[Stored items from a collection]
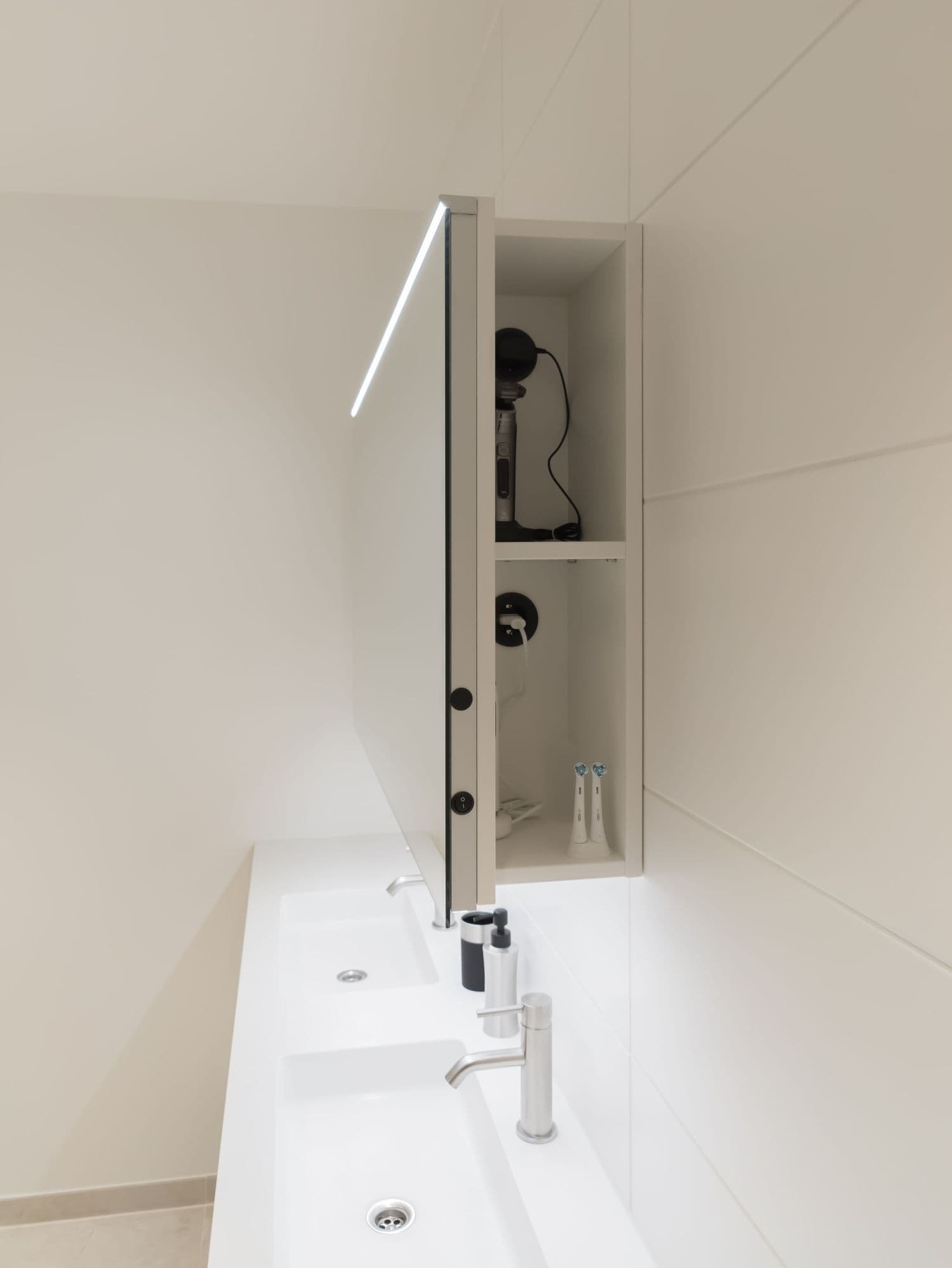 Het badkamermeubel is voorzien van een push-to-open systeem, waardoor het gebruik van handgrepen overbodig is. Dit benadrukt de strakke en minimalistische look van het meubel. Met een lichte aanraking openen de lades en deuren soepel, wat bijdraagt aan het gebruiksgemak.
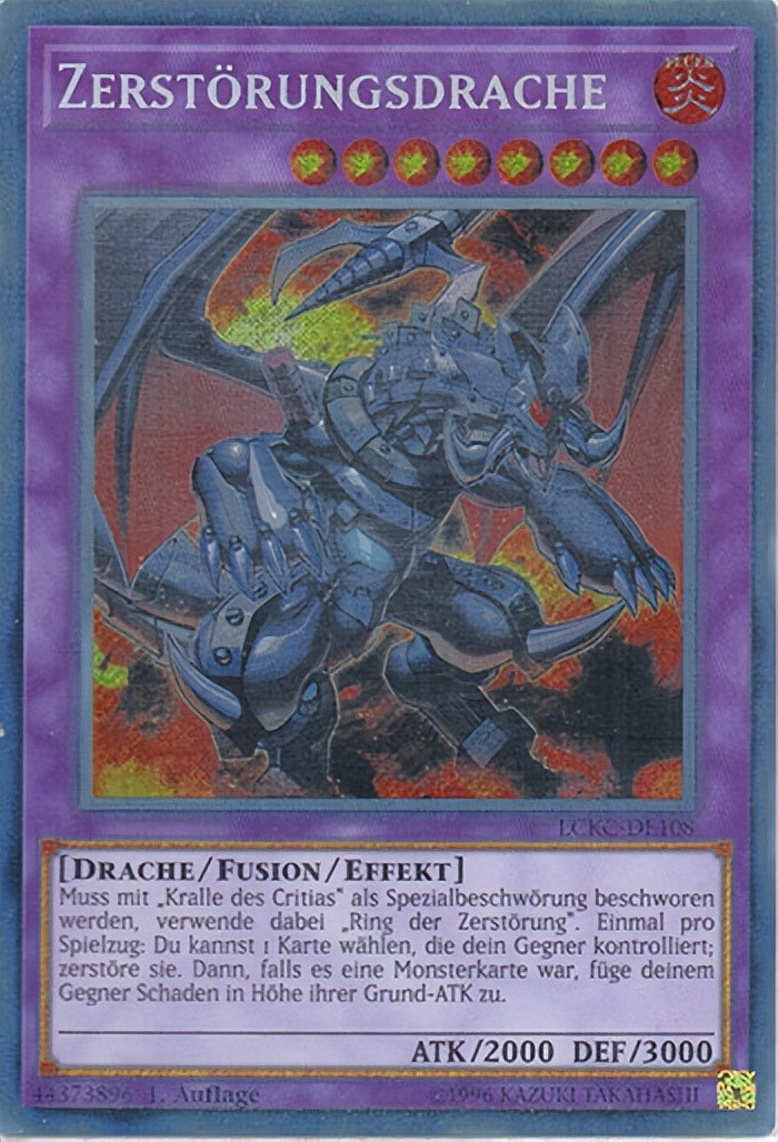 龙是一种传说中的生物,在西方的神话传说之中,一般拥有强大的力量,可以说是天生的破坏者,经常以人类为敌,而在《游戏王》设计卡片的背景之中也有人族和龙族的敌对关系,而龙在西方又视为邪恶之物,经常视为和恶魔同属一类。在圣经《启示录》中出现的红龙就是恶魔的化身,所以提及龙多半和破坏有关。而在《游戏王》的卡片之中,被冠上破坏字段的龙怪兽不在少数。今天就为大家介绍一下游戏王中的破坏龙。
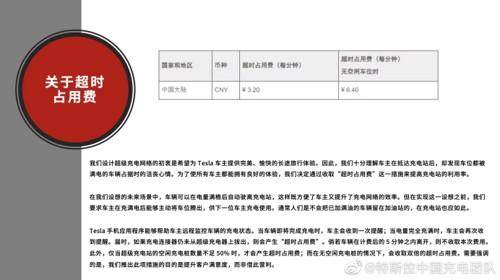 2020年4月,特斯拉中国充电团队确认了当超级充电站没有空闲车位的时候,将会收取6.4元/分钟的超时占用费。
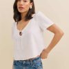 Up top. Shop the Mayla Linen Top from Reformation, a short-sleeved linen top with a v-neckline, relaxed fit, and adjustable tie at the neck.
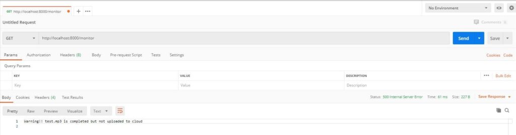 To receive an alert whenever completed file still exist in local server. Investigation must be made as to why this file is not uploaded to cloud storage. We can write a Go program to satisfy this need. The program can be integrated in availability check application such as Pingdom, Uptime Robot and Alertbot. We will returning status 500 when there is file exist in local directory and status 200 if everything is ok.
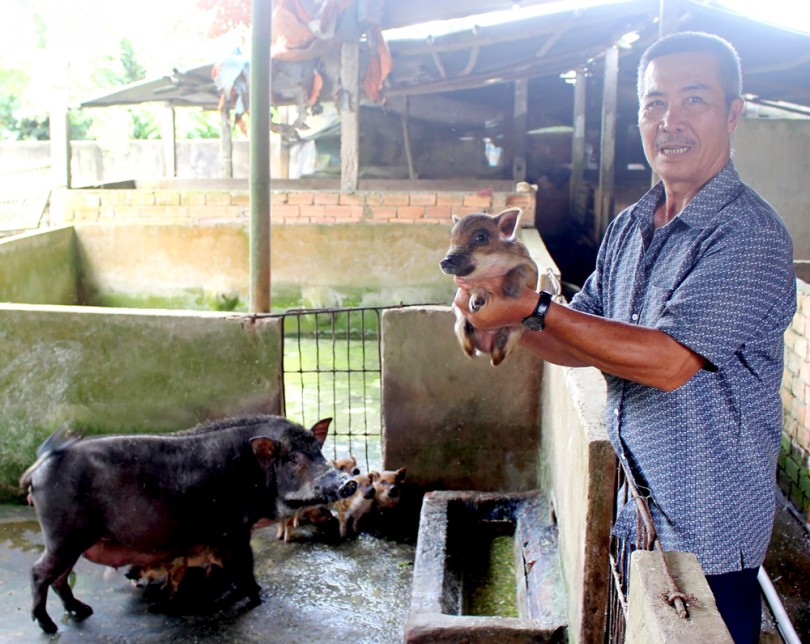 Nhạy bén trong việc lựa chọn mô hình, ông The có thu nhập hơn 100 triệu đồng/ năm từ việc nuôi heo rừng.
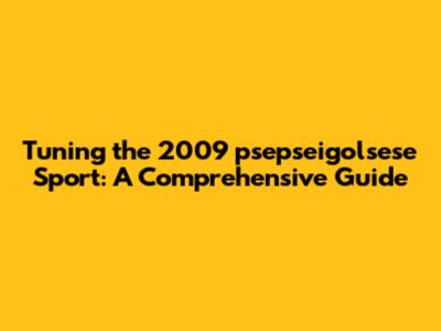 Tuning The 2009 Psepseigolsese Sport: A Comprehensive Guide
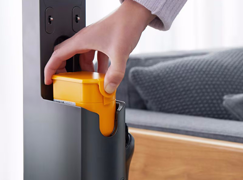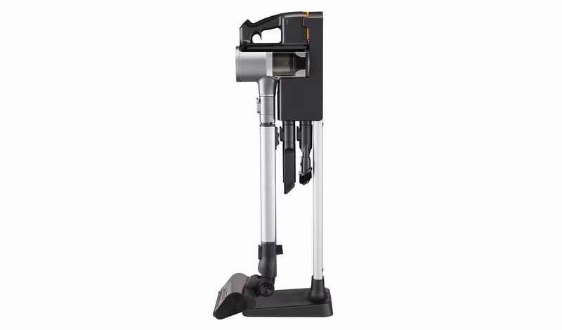 Prva stvar koja nam se kod ovog usisivača svidela je što poseduje samostojeći nosač, koji ne mora da se kači na zid. To znači da ne morate da bušite zid da biste „okačili“ usisivač za punjenje, kao i da taj nosač možete da pomerate po kući, ako za tim postoji potreba. Zgodno je što ga možete držati uspravno, ili položeno, na podu. Osim što se koristi za odlaganje usisivača, ovaj nosač je istovremeno i punjač baterija, a služi i za odlaganje dodatnih nastavaka. Postavljanjem usisivača u ležište, automatski će se aktivirati punjenje baterije.
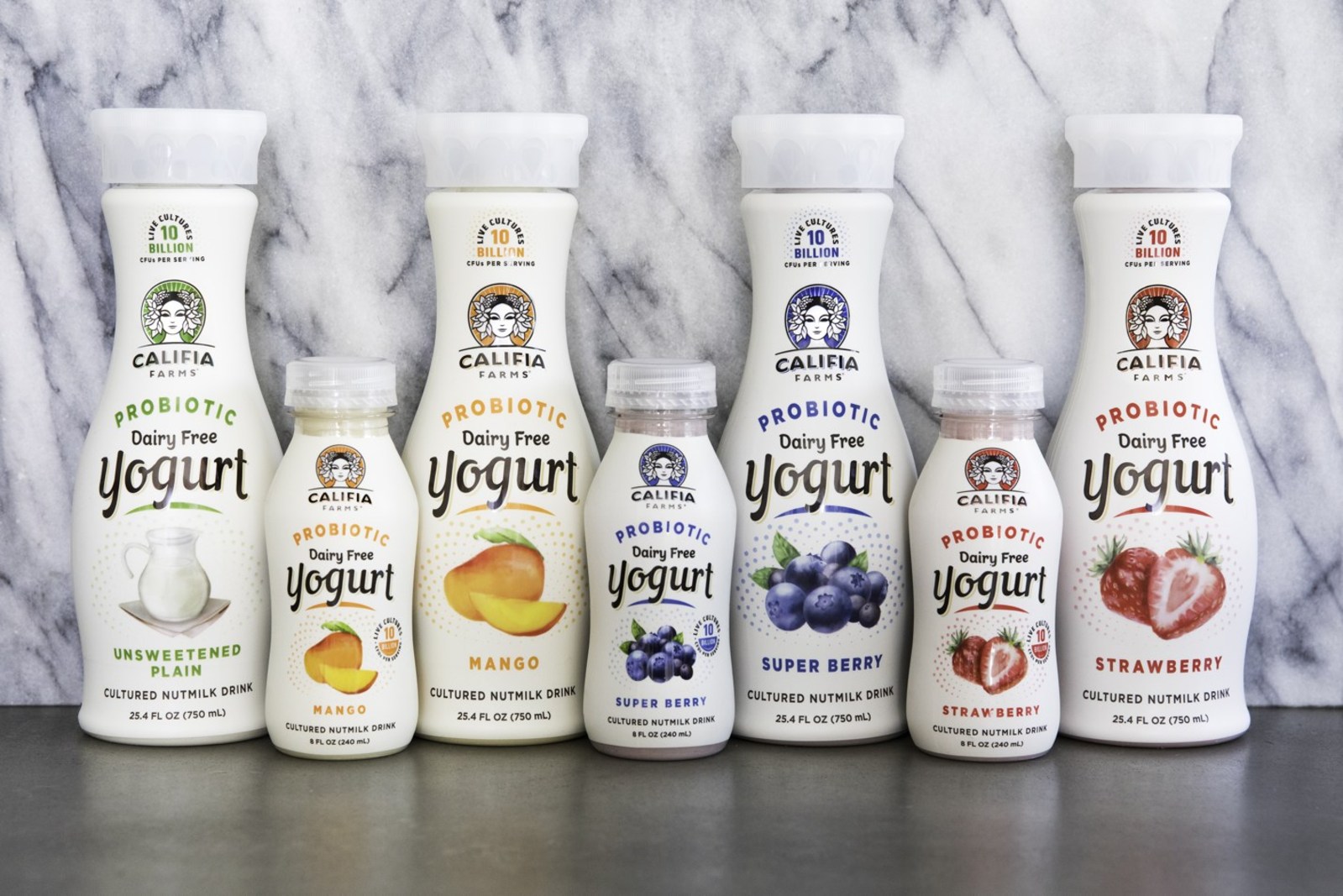Available in both multi-serve and single-serve, the Yogurt Drinks are available in four dairy-free varieties – Strawberry, Super Berry, Mango and Unsweetened Plain – which are all delicious, creamy, lower in sugar and flavored from real fruit. Through the launch of their Yogurt Drinks, Califia Farms is set to disrupt a new category and build upon the skyrocketing success that the brand has achieved with nut milks and coffee.

■ TRY IT
Repeat the data exactly, excluding the pictures.

■ WRITTEN ANSWER
 Het badkamermeubel is voorzien van een push-to-open systeem, waardoor het gebruik van handgrepen overbodig is. Dit benadrukt de strakke en minimalistische look van het meubel. Met een lichte aanraking openen de lades en deuren soepel, wat bijdraagt aan het gebruiksgemak.
 龙是一种传说中的生物,在西方的神话传说之中,一般拥有强大的力量,可以说是天生的破坏者,经常以人类为敌,而在《游戏王》设计卡片的背景之中也有人族和龙族的敌对关系,而龙在西方又视为邪恶之物,经常视为和恶魔同属一类。在圣经《启示录》中出现的红龙就是恶魔的化身,所以提及龙多半和破坏有关。而在《游戏王》的卡片之中,被冠上破坏字段的龙怪兽不在少数。今天就为大家介绍一下游戏王中的破坏龙。
 2020年4月,特斯拉中国充电团队确认了当超级充电站没有空闲车位的时候,将会收取6.4元/分钟的超时占用费。
 Up top. Shop the Mayla Linen Top from Reformation, a short-sleeved linen top with a v-neckline, relaxed fit, and adjustable tie at the neck.
 To receive an alert whenever completed file still exist in local server. Investigation must be made as to why this file is not uploaded to cloud storage. We can write a Go program to satisfy this need. The program can be integrated in availability check application such as Pingdom, Uptime Robot and Alertbot. We will returning status 500 when there is file exist in local directory and status 200 if everything is ok.
 Nhạy bén trong việc lựa chọn mô hình, ông The có thu nhập hơn 100 triệu đồng/ năm từ việc nuôi heo rừng.
 Tuning The 2009 Psepseigolsese Sport: A Comprehensive Guide
 Prva stvar koja nam se kod ovog usisivača svidela je što poseduje samostojeći nosač, koji ne mora da se kači na zid. To znači da ne morate da bušite zid da biste „okačili“ usisivač za punjenje, kao i da taj nosač možete da pomerate po kući, ako za tim postoji potreba. Zgodno je što ga možete držati uspravno, ili položeno, na podu. Osim što se koristi za odlaganje usisivača, ovaj nosač je istovremeno i punjač baterija, a služi i za odlaganje dodatnih nastavaka. Postavljanjem usisivača u ležište, automatski će se aktivirati punjenje baterije.
Available in both multi-serve and single-serve, the Yogurt Drinks are available in four dairy-free varieties – Strawberry, Super Berry, Mango and Unsweetened Plain – which are all delicious, creamy, lower in sugar and flavored from real fruit. Through the launch of their Yogurt Drinks, Califia Farms is set to disrupt a new category and build upon the skyrocketing success that the brand has achieved with nut milks and coffee.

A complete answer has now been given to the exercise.